Und die Herforder erst! Die rauchten Zigarren, was das Zeug hält. Zeitweise kam im 19. Jahrhundert jede dritte deutsche Zigarre aus Herford. Aber das Tabakrauchen war in den Augen einiger Württemberger ein Teufelszeug, man setzte sich für den Verzicht auf Tabak ein. Wie konnte diese frommen Menschen Zigarren rauchen?
Man ging ratlos auseinander, über weitere Treffen dieser beiden Gruppen ist nichts bekannt. Der Wahrheitsgehalt dieser Erzählung ist schwer zu bestimmen, aber bei einer guten Legende zählt ja vor allem: Es ist schon denkbar, dass es sich so zugetragen hat.
“Alles ist mir erlaubt, aber nicht alles dient zum Guten. Alles ist mir erlaubt, aber nichts soll Macht haben über mich.” Dieser Vers nimmt uns als Menschen ernst. Nicht alles dient zum Guten, vor allem soll nichts Macht haben über mich – und umgekehrt gibt es viel Spielraum, wie ich mich verhalten kann. Ich bin selbst verantwortlich dafür zu überlegen, was zum Guten dient, was ich mir erlaube. Und so können sich zwei ausgesprochen fromme Menschen mit einem tiefen Glauben treffen und sich doch über Kleinigkeiten und Alltäglichkeiten fürchterlich streiten.

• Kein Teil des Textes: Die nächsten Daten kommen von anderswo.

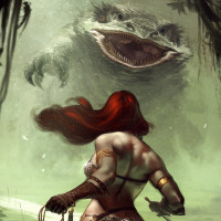 a humanoid figure, which adds to the fantastical nature of the scene. The setting seems to be a jungle or swamp environment, with mossy trees and a greenish atmosphere, contributing to
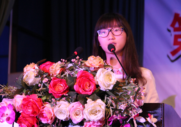 中文5112班黄晶与会计5115班饶一池作为学生代表分别上台发言,通过畅谈自身人生理想,激励同学们用行动践行中国梦、青春梦。
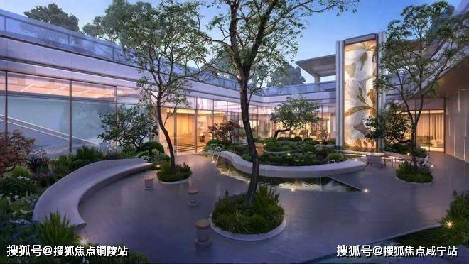 穿过会所,便步入层层叠水、绿意环绕的下沉庭院。
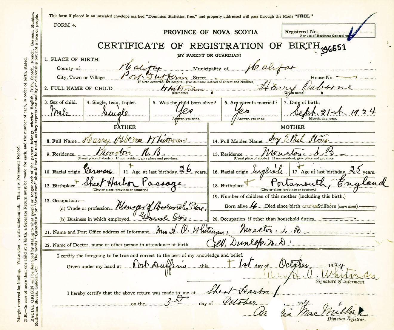 Male Birth Registration: Year: 1924 number: 39600651
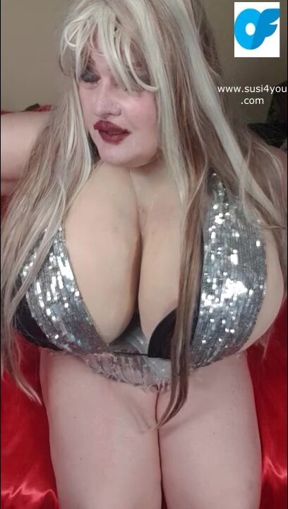 Lady with a silverscarf is on her bed Susi is taking a pink panty to stuff it in fat pussy Enjoy it and gimme all your cum She is spereading her legs showing her pussy and big tits so fat cup k size lic it suck it nasty horny boy.

Es wird für den Streit zwischen Herfordern und Württembergern kaum eine echte Lösung gegeben haben. Aber es hilft sicherlich, den Monatsspruch ernst zu nehmen: Nicht alles dient zum Guten, nichts soll Macht über mich haben – und umgekehrt entscheide ich selbst, was ich mir erlaube. Hätten sich Herforder und Württemberger also besser wieder auf ihr gemeinsames Gebet, auf ihren gemeinsamen Glauben an Christus besonnen. Hätten sie sich also darauf besonnen, was wirklich Macht über sie hat – und nicht darauf, was die anderen sich selbst erlauben…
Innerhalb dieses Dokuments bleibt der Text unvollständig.